***** Supplied data *****
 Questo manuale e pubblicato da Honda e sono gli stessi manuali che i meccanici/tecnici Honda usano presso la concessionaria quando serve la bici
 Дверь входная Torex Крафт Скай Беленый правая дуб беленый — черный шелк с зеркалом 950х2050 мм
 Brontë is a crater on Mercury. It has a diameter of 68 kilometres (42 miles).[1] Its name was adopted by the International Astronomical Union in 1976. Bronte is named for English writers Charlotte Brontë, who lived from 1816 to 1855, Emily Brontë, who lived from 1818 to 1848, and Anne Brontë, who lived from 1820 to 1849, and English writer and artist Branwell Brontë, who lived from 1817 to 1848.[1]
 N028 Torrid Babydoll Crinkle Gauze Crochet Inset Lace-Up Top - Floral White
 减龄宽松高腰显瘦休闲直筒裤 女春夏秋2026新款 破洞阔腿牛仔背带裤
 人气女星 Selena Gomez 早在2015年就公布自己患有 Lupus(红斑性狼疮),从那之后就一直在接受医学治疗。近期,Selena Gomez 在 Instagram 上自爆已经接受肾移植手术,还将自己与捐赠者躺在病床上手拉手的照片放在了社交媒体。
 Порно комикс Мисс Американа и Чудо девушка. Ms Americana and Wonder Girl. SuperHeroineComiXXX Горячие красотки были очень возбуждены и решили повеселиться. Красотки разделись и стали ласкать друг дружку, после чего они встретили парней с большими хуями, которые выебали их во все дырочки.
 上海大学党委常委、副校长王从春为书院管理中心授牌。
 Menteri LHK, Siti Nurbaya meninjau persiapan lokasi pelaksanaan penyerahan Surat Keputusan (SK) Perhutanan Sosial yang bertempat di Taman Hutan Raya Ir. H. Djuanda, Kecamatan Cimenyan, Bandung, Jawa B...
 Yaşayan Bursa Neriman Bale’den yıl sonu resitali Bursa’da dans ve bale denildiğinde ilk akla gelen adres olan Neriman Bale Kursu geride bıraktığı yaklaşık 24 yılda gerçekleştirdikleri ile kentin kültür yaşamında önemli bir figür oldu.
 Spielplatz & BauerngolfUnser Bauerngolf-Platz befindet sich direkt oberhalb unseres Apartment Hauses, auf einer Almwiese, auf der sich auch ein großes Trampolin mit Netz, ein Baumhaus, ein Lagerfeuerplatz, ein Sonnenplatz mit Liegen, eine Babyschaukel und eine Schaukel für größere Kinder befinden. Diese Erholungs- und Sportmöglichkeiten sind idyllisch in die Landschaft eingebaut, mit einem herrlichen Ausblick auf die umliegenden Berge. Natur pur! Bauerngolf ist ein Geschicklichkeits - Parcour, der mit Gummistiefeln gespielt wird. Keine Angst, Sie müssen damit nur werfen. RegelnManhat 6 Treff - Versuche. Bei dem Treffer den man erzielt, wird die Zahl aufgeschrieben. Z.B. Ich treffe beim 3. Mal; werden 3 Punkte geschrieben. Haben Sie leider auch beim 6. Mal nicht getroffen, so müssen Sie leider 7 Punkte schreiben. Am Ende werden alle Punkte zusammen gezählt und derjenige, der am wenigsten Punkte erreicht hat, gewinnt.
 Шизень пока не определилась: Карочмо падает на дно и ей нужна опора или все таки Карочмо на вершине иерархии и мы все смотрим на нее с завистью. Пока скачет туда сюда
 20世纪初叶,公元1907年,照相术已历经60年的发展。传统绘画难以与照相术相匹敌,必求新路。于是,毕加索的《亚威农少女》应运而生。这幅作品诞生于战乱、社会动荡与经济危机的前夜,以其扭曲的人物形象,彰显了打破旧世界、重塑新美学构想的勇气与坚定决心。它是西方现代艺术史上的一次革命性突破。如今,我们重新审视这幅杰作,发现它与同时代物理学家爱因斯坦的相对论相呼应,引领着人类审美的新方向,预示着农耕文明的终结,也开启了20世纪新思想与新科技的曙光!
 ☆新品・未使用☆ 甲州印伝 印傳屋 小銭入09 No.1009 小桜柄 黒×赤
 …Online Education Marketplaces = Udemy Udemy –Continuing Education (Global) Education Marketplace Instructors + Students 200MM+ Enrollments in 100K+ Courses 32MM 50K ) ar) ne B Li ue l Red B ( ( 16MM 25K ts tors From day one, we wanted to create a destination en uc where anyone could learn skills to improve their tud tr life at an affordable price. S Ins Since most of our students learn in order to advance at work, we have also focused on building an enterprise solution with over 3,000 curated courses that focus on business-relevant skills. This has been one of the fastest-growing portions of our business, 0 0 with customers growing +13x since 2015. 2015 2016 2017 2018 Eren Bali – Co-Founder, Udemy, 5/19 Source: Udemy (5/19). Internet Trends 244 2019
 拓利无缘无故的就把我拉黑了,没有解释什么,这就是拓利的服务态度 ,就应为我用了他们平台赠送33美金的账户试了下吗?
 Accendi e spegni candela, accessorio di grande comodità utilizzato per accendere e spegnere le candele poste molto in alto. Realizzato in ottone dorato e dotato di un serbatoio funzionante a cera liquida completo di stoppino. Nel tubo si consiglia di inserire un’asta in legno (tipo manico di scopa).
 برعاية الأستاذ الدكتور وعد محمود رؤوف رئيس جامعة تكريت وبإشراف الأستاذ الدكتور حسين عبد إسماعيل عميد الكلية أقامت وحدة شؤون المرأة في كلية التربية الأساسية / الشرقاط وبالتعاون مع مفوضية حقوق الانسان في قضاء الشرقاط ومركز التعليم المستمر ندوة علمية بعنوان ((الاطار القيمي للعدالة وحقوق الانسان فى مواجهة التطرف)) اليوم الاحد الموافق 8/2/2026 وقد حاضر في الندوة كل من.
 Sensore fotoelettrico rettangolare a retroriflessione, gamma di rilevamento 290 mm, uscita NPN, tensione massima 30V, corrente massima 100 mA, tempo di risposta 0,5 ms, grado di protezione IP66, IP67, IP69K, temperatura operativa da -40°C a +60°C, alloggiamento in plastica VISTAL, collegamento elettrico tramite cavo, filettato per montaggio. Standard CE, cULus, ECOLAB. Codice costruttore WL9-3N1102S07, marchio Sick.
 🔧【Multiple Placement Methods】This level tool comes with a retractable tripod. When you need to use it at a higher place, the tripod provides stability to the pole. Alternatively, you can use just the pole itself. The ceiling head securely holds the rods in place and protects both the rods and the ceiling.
*****
* [Prompt]
Nothing is to be left out; every record above must be repeated exactly.

* [Problem solution]
 Questo manuale e pubblicato da Honda e sono gli stessi manuali che i meccanici/tecnici Honda usano presso la concessionaria quando serve la bici
 Дверь входная Torex Крафт Скай Беленый правая дуб беленый — черный шелк с зеркалом 950х2050 мм
 Brontë is a crater on Mercury. It has a diameter of 68 kilometres (42 miles).[1] Its name was adopted by the International Astronomical Union in 1976. Bronte is named for English writers Charlotte Brontë, who lived from 1816 to 1855, Emily Brontë, who lived from 1818 to 1848, and Anne Brontë, who lived from 1820 to 1849, and English writer and artist Branwell Brontë, who lived from 1817 to 1848.[1]
 N028 Torrid Babydoll Crinkle Gauze Crochet Inset Lace-Up Top - Floral White
 减龄宽松高腰显瘦休闲直筒裤 女春夏秋2026新款 破洞阔腿牛仔背带裤
 人气女星 Selena Gomez 早在2015年就公布自己患有 Lupus(红斑性狼疮),从那之后就一直在接受医学治疗。近期,Selena Gomez 在 Instagram 上自爆已经接受肾移植手术,还将自己与捐赠者躺在病床上手拉手的照片放在了社交媒体。
 Порно комикс Мисс Американа и Чудо девушка. Ms Americana and Wonder Girl. SuperHeroineComiXXX Горячие красотки были очень возбуждены и решили повеселиться. Красотки разделись и стали ласкать друг дружку, после чего они встретили парней с большими хуями, которые выебали их во все дырочки.
 上海大学党委常委、副校长王从春为书院管理中心授牌。
 Menteri LHK, Siti Nurbaya meninjau persiapan lokasi pelaksanaan penyerahan Surat Keputusan (SK) Perhutanan Sosial yang bertempat di Taman Hutan Raya Ir. H. Djuanda, Kecamatan Cimenyan, Bandung, Jawa B...
 Yaşayan Bursa Neriman Bale’den yıl sonu resitali Bursa’da dans ve bale denildiğinde ilk akla gelen adres olan Neriman Bale Kursu geride bıraktığı yaklaşık 24 yılda gerçekleştirdikleri ile kentin kültür yaşamında önemli bir figür oldu.
 Spielplatz & BauerngolfUnser Bauerngolf-Platz befindet sich direkt oberhalb unseres Apartment Hauses, auf einer Almwiese, auf der sich auch ein großes Trampolin mit Netz, ein Baumhaus, ein Lagerfeuerplatz, ein Sonnenplatz mit Liegen, eine Babyschaukel und eine Schaukel für größere Kinder befinden. Diese Erholungs- und Sportmöglichkeiten sind idyllisch in die Landschaft eingebaut, mit einem herrlichen Ausblick auf die umliegenden Berge. Natur pur! Bauerngolf ist ein Geschicklichkeits - Parcour, der mit Gummistiefeln gespielt wird. Keine Angst, Sie müssen damit nur werfen. RegelnManhat 6 Treff - Versuche. Bei dem Treffer den man erzielt, wird die Zahl aufgeschrieben. Z.B. Ich treffe beim 3. Mal; werden 3 Punkte geschrieben. Haben Sie leider auch beim 6. Mal nicht getroffen, so müssen Sie leider 7 Punkte schreiben. Am Ende werden alle Punkte zusammen gezählt und derjenige, der am wenigsten Punkte erreicht hat, gewinnt.
 Шизень пока не определилась: Карочмо падает на дно и ей нужна опора или все таки Карочмо на вершине иерархии и мы все смотрим на нее с завистью. Пока скачет туда сюда
 20世纪初叶,公元1907年,照相术已历经60年的发展。传统绘画难以与照相术相匹敌,必求新路。于是,毕加索的《亚威农少女》应运而生。这幅作品诞生于战乱、社会动荡与经济危机的前夜,以其扭曲的人物形象,彰显了打破旧世界、重塑新美学构想的勇气与坚定决心。它是西方现代艺术史上的一次革命性突破。如今,我们重新审视这幅杰作,发现它与同时代物理学家爱因斯坦的相对论相呼应,引领着人类审美的新方向,预示着农耕文明的终结,也开启了20世纪新思想与新科技的曙光!
 ☆新品・未使用☆ 甲州印伝 印傳屋 小銭入09 No.1009 小桜柄 黒×赤
 …Online Education Marketplaces = Udemy Udemy –Continuing Education (Global) Education Marketplace Instructors + Students 200MM+ Enrollments in 100K+ Courses 32MM 50K ) ar) ne B Li ue l Red B ( ( 16MM 25K ts tors From day one, we wanted to create a destination en uc where anyone could learn skills to improve their tud tr life at an affordable price. S Ins Since most of our students learn in order to advance at work, we have also focused on building an enterprise solution with over 3,000 curated courses that focus on business-relevant skills. This has been one of the fastest-growing portions of our business, 0 0 with customers growing +13x since 2015. 2015 2016 2017 2018 Eren Bali – Co-Founder, Udemy, 5/19 Source: Udemy (5/19). Internet Trends 244 2019
 拓利无缘无故的就把我拉黑了,没有解释什么,这就是拓利的服务态度 ,就应为我用了他们平台赠送33美金的账户试了下吗?
 Accendi e spegni candela, accessorio di grande comodità utilizzato per accendere e spegnere le candele poste molto in alto. Realizzato in ottone dorato e dotato di un serbatoio funzionante a cera liquida completo di stoppino. Nel tubo si consiglia di inserire un’asta in legno (tipo manico di scopa).
 برعاية الأستاذ الدكتور وعد محمود رؤوف رئيس جامعة تكريت وبإشراف الأستاذ الدكتور حسين عبد إسماعيل عميد الكلية أقامت وحدة شؤون المرأة في كلية التربية الأساسية / الشرقاط وبالتعاون مع مفوضية حقوق الانسان في قضاء الشرقاط ومركز التعليم المستمر ندوة علمية بعنوان ((الاطار القيمي للعدالة وحقوق الانسان فى مواجهة التطرف)) اليوم الاحد الموافق 8/2/2026 وقد حاضر في الندوة كل من.
 Sensore fotoelettrico rettangolare a retroriflessione, gamma di rilevamento 290 mm, uscita NPN, tensione massima 30V, corrente massima 100 mA, tempo di risposta 0,5 ms, grado di protezione IP66, IP67, IP69K, temperatura operativa da -40°C a +60°C, alloggiamento in plastica VISTAL, collegamento elettrico tramite cavo, filettato per montaggio. Standard CE, cULus, ECOLAB. Codice costruttore WL9-3N1102S07, marchio Sick.
 🔧【Multiple Placement Methods】This level tool comes with a retractable tripod. When you need to use it at a higher place, the tripod provides stability to the pole. Alternatively, you can use just the pole itself. The ceiling head securely holds the rods in place and protects both the rods and the ceiling.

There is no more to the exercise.